Police raids on NNC offices and the homes of prominent Nagas became increasingly frequent during 1953. The Angami leaders T. Sakhrie and John Bosco Jasokie broke with Phizo at a meeting in Khonoma village in 1955, with Sakhrie taking a more conciliatory position toward the Indian government. Sakhrie's defection was experienced by Phizo's faction not merely as a political betrayal but as a personal one, given the shared village origin of the two men. The break between the families and clans of Khonoma, specifically Phizo's Dolie clan and Sakhrie's Lievüse clan, over the political future of the Nagas produced revenge killings and blood feuds that lasted for generations and blurred the line between the political and the personal in the Naga conflict in ways that have never been fully resolved.

In January 1956, Phizo arranged for Sakhrie to be murdered. Sakhrie was killed by members of Phizo's faction, an act that represented the starkest and most controversial decision of Phizo's career, one that his admirers have contextualised within the brutal realities of armed conflict and that his critics have condemned as political murder. Other dissenting leaders, including Jasokie and Silie, sought refuge with the Indian government thereafter.

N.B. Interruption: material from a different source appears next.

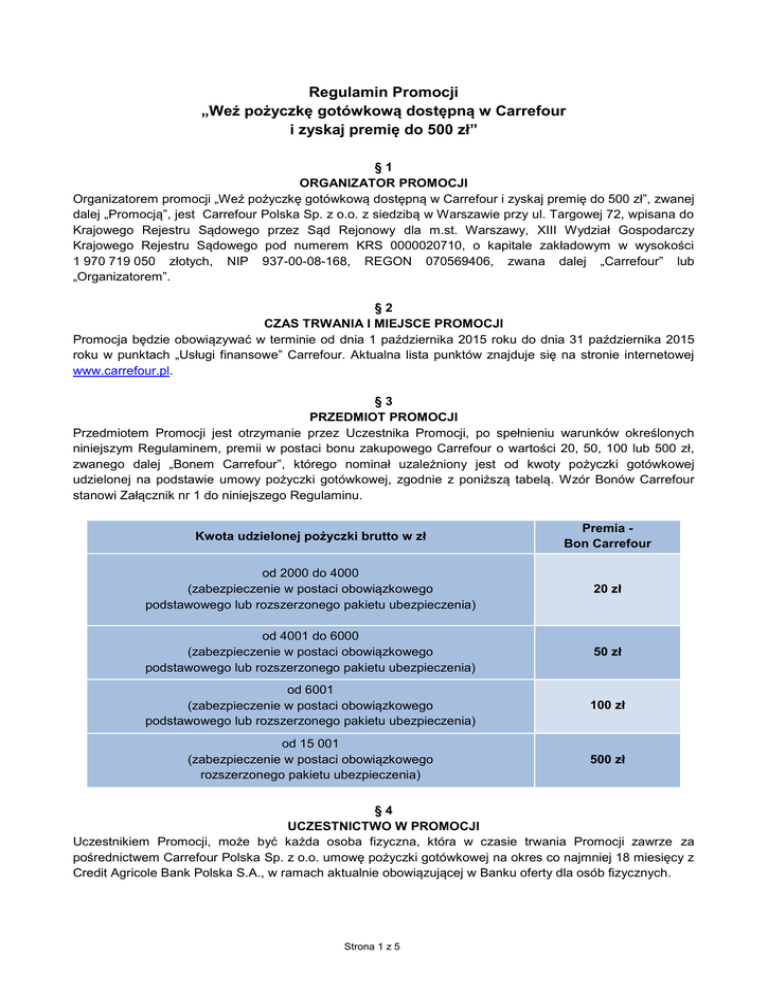 Regulamin Promocji „Weź pożyczkę gotówkową dostępną w Carrefour i zyskaj premię do 500 zł” §1 ORGANIZATOR PROMOCJI Organizatorem promocji „Weź pożyczkę gotówkową dostępną w Carrefour i zyskaj premię do 500 zł”, zwanej dalej „Promocją”, jest Carrefour Polska Sp. z o.o. z siedzibą w Warszawie przy ul. Targowej 72, wpisana do Krajowego Rejestru Sądowego przez Sąd Rejonowy dla m.st. Warszawy, XIII Wydział Gospodarczy Krajowego Rejestru Sądowego pod numerem KRS 0000020710, o kapitale zakładowym w wysokości 1 970 719 050 złotych, NIP 937-00-08-168, REGON 070569406, zwana dalej „Carrefour” lub „Organizatorem”. §2 CZAS TRWANIA I MIEJSCE PROMOCJI Promocja będzie obowiązywać w terminie od dnia 1 października 2015 roku do dnia 31 października 2015 roku w punktach „Usługi finansowe” Carrefour. Aktualna lista punktów znajduje się na stronie internetowej www.carrefour.pl. §3 PRZEDMIOT PROMOCJI Przedmiotem Promocji jest otrzymanie przez Uczestnika Promocji, po spełnieniu warunków określonych niniejszym Regulaminem, premii w postaci bonu zakupowego Carrefour o wartości 20, 50, 100 lub 500 zł, zwanego dalej „Bonem Carrefour”, którego nominał uzależniony jest od kwoty pożyczki gotówkowej udzielonej na podstawie umowy pożyczki gotówkowej, zgodnie z poniższą tabelą. Wzór Bonów Carrefour stanowi Załącznik nr 1 do niniejszego Regulaminu. Kwota udzielonej pożyczki brutto w zł Premia Bon Carrefour od 2000 do 4000 (zabezpieczenie w postaci obowiązkowego podstawowego lub rozszerzonego pakietu ubezpieczenia) 20 zł od 4001 do 6000 (zabezpieczenie w postaci obowiązkowego podstawowego lub rozszerzonego pakietu ubezpieczenia) 50 zł od 6001 (zabezpieczenie w postaci obowiązkowego podstawowego lub rozszerzonego pakietu ubezpieczenia) 100 zł od 15 001 (zabezpieczenie w postaci obowiązkowego rozszerzonego pakietu ubezpieczenia) 500 zł §4 UCZESTNICTWO W PROMOCJI Uczestnikiem Promocji, może być każda osoba fizyczna, która w czasie trwania Promocji zawrze za pośrednictwem Carrefour Polska Sp. z o.o. umowę pożyczki gotówkowej na okres co najmniej 18 miesięcy z Credit Agricole Bank Polska S.A., w ramach aktualnie obowiązującej w Banku oferty dla osób fizycznych. Strona 1 z 5 1. 2. 3. 4. 1. 2. 3. 4. 5. 3. 1. 2. 3. 4. 5. §5 ODBIÓR PREMII Z chwilą zawarcia umowy pożyczki gotówkowej w punkcie „Usługi Finansowe” Carrefour, Uczestnik Promocji otrzyma Kupon upoważniający do odebrania premii, o której mowa w § 3 powyżej, zwany dalej „Kuponem”. Wzór Kuponu stanowi Załącznik nr 2 do niniejszego Regulaminu. Bon Carrefour zostanie wydany Uczestnikowi Promocji po 30 dniach od dnia zawarcia umowy pożyczki gotówkowej na podstawie przekazanego przez Uczestnika Promocji Kuponu. Bon Carrefour zostanie wydany w punkcie „Usługi Finansowe” Carrefour, w którym Uczestnik Promocji podpisał umowę pożyczki gotówkowej. Nieodebranie Bonu Carrefour przez Uczestnika Promocji w terminie do 60 dni od daty podpisania umowy pożyczki gotówkowej jest równoznaczne z rezygnacją Uczestnika Promocji z Bonu Carrefour. §6 TRYB SKŁADANIA I ROZPATRYWANIA REKLAMACJI Każdemu Uczestnikowi Promocji przysługuje prawo wniesienia reklamacji w zakresie niezgodności przeprowadzenia Promocji z niniejszym Regulaminem, która powinna być złożona w jeden z następujących sposobów: osobiście w dowolnym punkcie „Usługi finansowe” Carrefour, telefonicznie pod numerem infolinii +48 71 799 71 30 lub 801 706 701 (opłata zgodnie z cennikiem operatora), w godz. od 7.00 do 22.00, listem wysłanym na adres Credit Agricole Bank Polska S.A., Plac Orląt Lwowskich 1, 53-605 Wrocław, z dopiskiem: „Weź pożyczkę gotówkową dostępną w Carrefour i zyskaj premię do 500 zł”; Reklamacja skierowana do Banku musi zawierać dokładne dane osobowe zgłaszającego reklamację (imię, nazwisko, pesel, adres zamieszkania wraz z kodem pocztowym reklamującego), przyczynę reklamacji, treść żądania reklamującego oraz opis okoliczności uzasadniających reklamację. Reklamacja składana w punkcie „Usługi finansowe” Carrefour musi zawierać dane osobowe zgłaszającego reklamację (imię, nazwisko, numer telefonu), przyczynę reklamacji, treść żądania reklamującego oraz opis okoliczności uzasadniających reklamację. Termin rozpatrzenia reklamacji wraz z wysłaniem odpowiedzi wynosi nie więcej niż 14 dni roboczych licząc od dnia otrzymania reklamacji, z zastrzeżeniem pkt. 5 poniżej. Jeżeli z uwagi na złożoność sprawy będącej powodem reklamacji zajdzie konieczność przeprowadzenia dodatkowego postępowania wyjaśniającego, termin, o którym mowa powyżej, może zostać przedłużony. W takim przypadku Organizator poinformuje Uczestnika o prowadzonym postępowaniu i określi nowy termin rozpatrzenia reklamacji, nie dłuższy jednak niż 30 dni. Uczestnik Promocji zostanie powiadomiony o sposobie rozpatrzenia reklamacji za pomocą listu zwykłego na adres podany przez Uczestnika Promocji lub: a) telefonicznie za pośrednictwem serwisu telefonicznego, b) poprzez wysyłkę wiadomości SMS na numer telefonu komórkowego Uczestnika Promocji. §7 BON CARREFOUR Bony Carrefour, o których mowa w § 3 są bonami na okaziciela, uprawniającymi okaziciela bonu do częściowej lub całkowitej zapłaty za zakupione produkty oferowane do sprzedaży w hipermarketach lub supermarketach Carrefour. Bony Carrefour mogą być realizowane w terminie ważności, który widnieje na bonie, jednakże nie wcześniej niż 5 dni od daty jego otrzymania. W przypadku, gdy wartość zakupionych produktów będzie niższa od wartości nominalnej Bonu Carrefour, sklep Carrefour nie zwraca różnicy pomiędzy wartością zakupionych produktów a wartością Bonu Carrefour. W przypadku, gdy wartość produktów będzie wyższa od wartości bonu Carrefour, jego okaziciel będzie zobowiązany dopłacić różnicę. Bony Carrefour nie mogą być przed

On 22 March 1956, Phizo proclaimed the establishment of the "Naga Central Government," which was later renamed the Federal Government of Nagaland (FGN) in 1959. The new body had a military wing, the Naga Federal Army, and constituted an underground parallel state that claimed sovereign authority over the Naga people. The Naga Hills District was formally declared a Disturbed Area by the Indian government in January 1956, placing it under direct military command, and the Indian Army deployed in earnest in April 1956. The resulting conflict caused widespread suffering among the civilian population of the Naga Hills, with villages burned, people displaced, and allegations of serious human rights violations by the Indian Army accumulating over several years. The Armed Forces Special Powers Act was enacted in 1958 to give the military broad powers in the region.

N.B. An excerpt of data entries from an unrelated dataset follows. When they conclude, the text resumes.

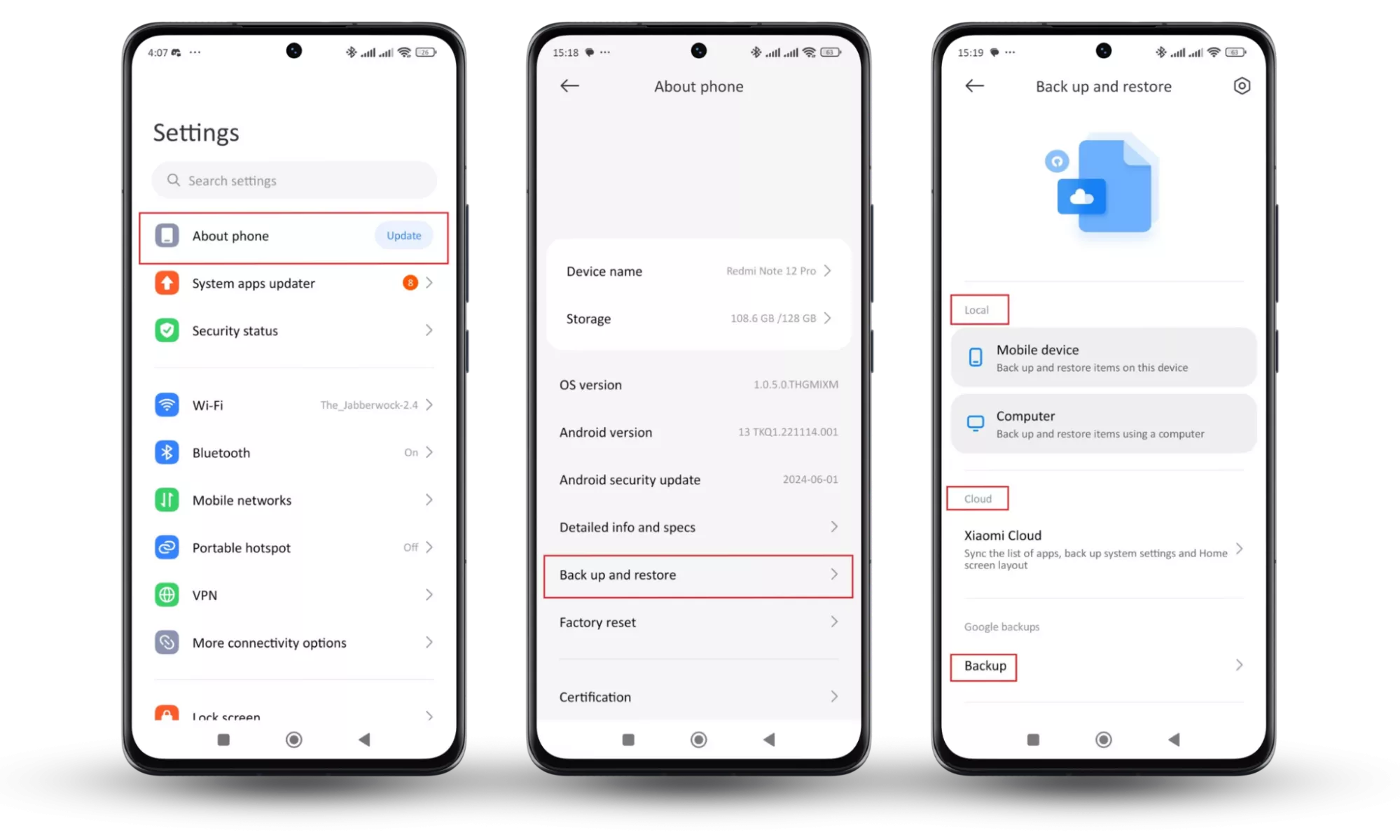 步骤1-3:设置 > 关于手机 > 备份和恢复 > 选择备份方式(本地、设备品牌云、Google 备份)。
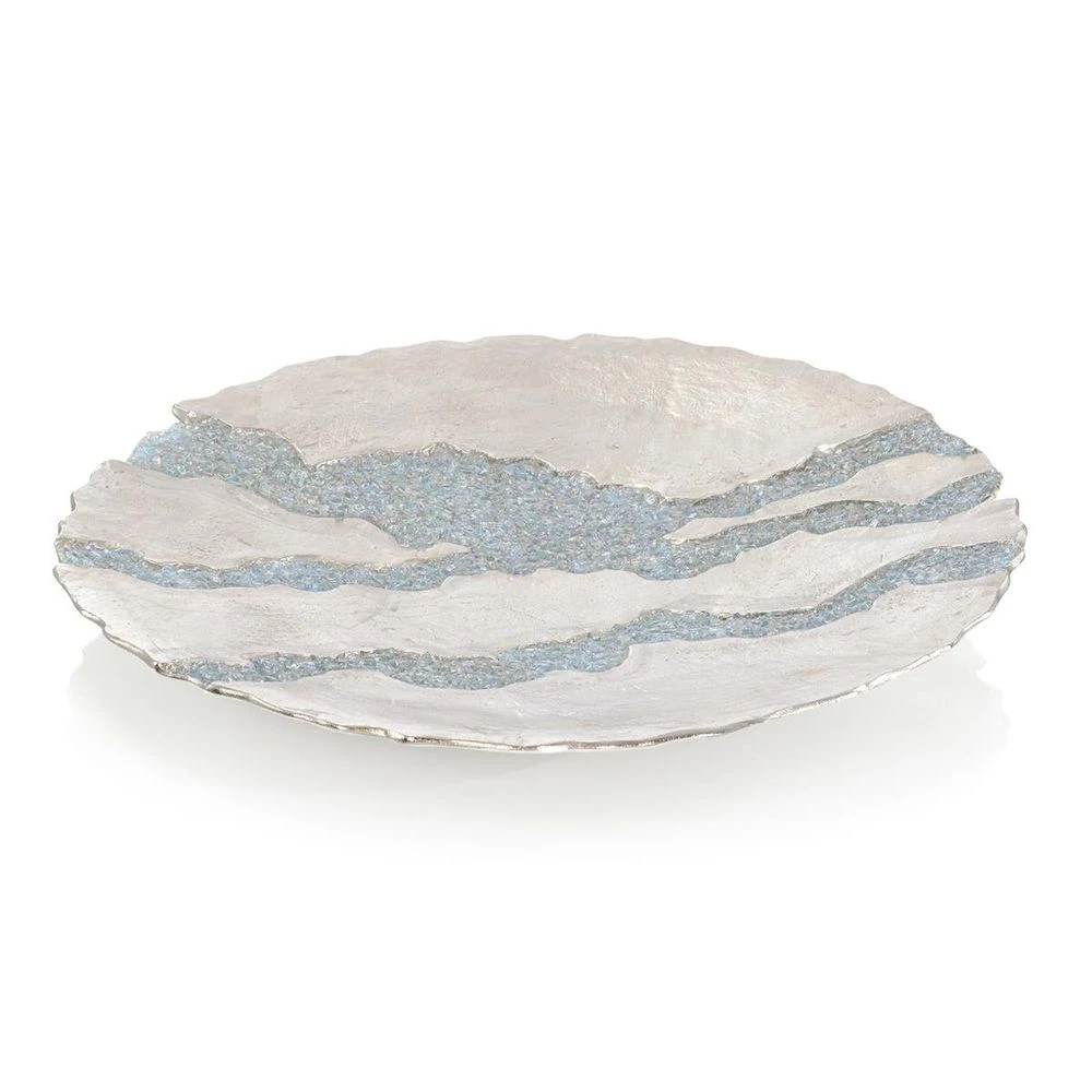 The Divide Charger is a gorgeous accent plate that has been lovingly crafted from enameled metal in a nickel finish. A series of rugged fracture lines, made from blue shards of crushed glass, span the width of the piece to stunning results.
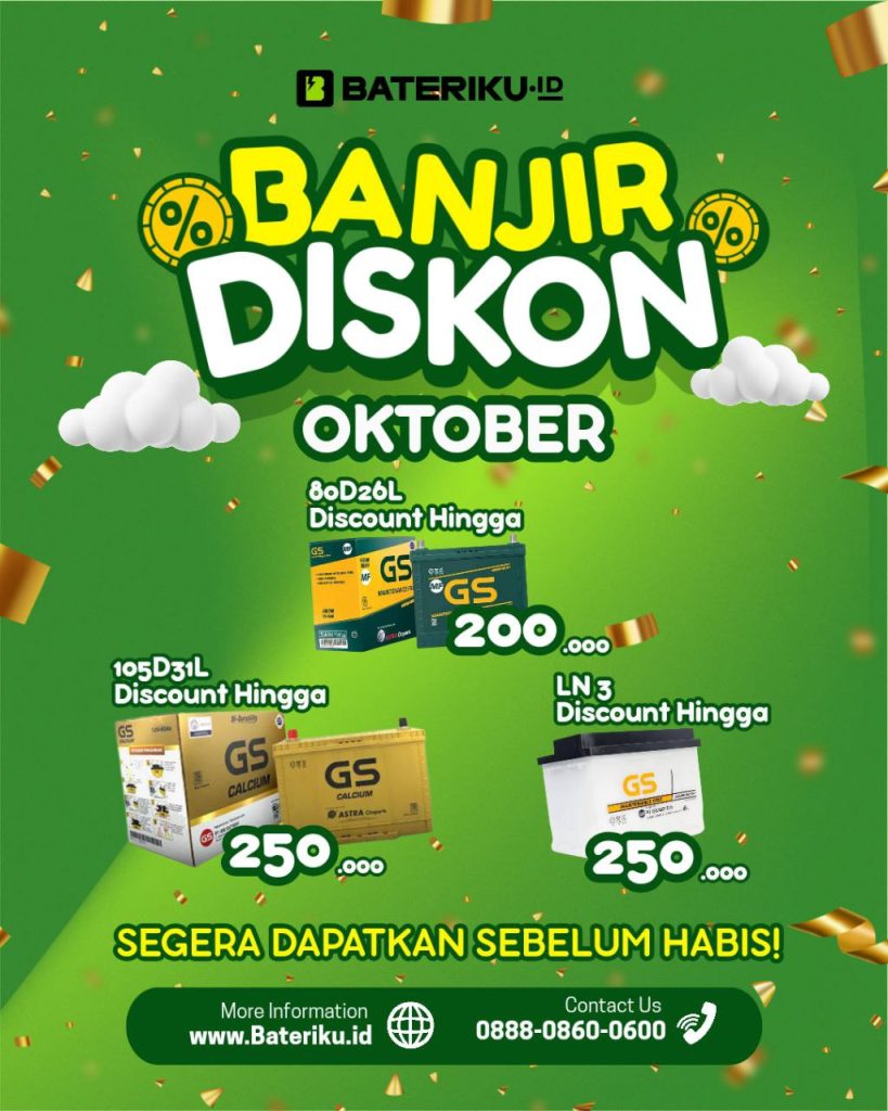 Kali ini, bulan Oktober 2025, Bateriku.id ngadain banjir diskon aki mobil yang bener-bener worth it. Kami pengen cerita dikit tentang promo ini, siapa tahu Anda juga lagi ngalamin hal yang sama kayak Kami dulu — mobil susah starter, aki udah lemah, tapi pengen ganti tanpa bikin dompet jebol.

==Escape and exile in East Pakistan==

Phizo dissolved the above-ground NNC in May 1956 and went underground. In December of that year he fled the Naga Hills into East Pakistan (present-day Bangladesh), evading Indian security forces in a crossing of the border. He had no Indian passport and left Nagaland with little more than the strength of his political convictions. The Pakistani government was wary of Phizo and kept him under close watch in Dhaka. Pakistan had its own internal nationality problems and was unwilling to actively support Naga separatism in a manner that might encourage analogous movements within its own borders. China, despite its hostility to India, was also cautious about openly championing anti-Indian nationalist movements given its own concerns about Tibetan separatism.

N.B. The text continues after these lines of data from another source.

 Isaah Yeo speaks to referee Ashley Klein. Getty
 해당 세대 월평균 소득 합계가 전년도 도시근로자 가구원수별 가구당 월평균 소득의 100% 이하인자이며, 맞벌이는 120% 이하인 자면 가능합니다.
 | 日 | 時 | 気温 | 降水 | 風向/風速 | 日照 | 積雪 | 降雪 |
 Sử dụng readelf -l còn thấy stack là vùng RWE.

Evidence from 1958 statements given to the Indian police by Nagas captured while returning from East Pakistan suggests that Phizo spent time in Dhaka speaking with high officials of the Pakistani and American governments, though what substantive commitments, if any, were made remains unclear. The Pakistanis effectively immobilised Phizo and he could see no path forward toward the international recognition he sought from within East Pakistan.

==The journey to London==

Making his way eventually to Zürich, Phizo found himself stranded in Switzerland, in possession of a false Salvadoran passport and with no obvious route to the international audience he needed to reach. Through family contacts, his situation came to the attention of the Reverend Michael Scott, an Anglican clergyman and veteran anti-apartheid activist who had spent nearly two decades representing the Herero people of Namibia before the United Nations. Scott was a figure of considerable moral authority in progressive Western circles and had close working relationships with leading members of the Indian government, including Prime Minister Nehru and Vijayalakshmi Pandit, Nehru's sister and the Indian High Commissioner to London in 1960. Taking up the Naga cause, Scott recognised, would risk those important friendships. He also worried that the Naga issue might distract from his established Africa-focused advocacy work. Yet after reviewing the Naga materials and the claims of Indian military atrocities that Phizo's supporters had compiled, Scott concluded that the Naga case had sufficient moral weight to warrant his involvement.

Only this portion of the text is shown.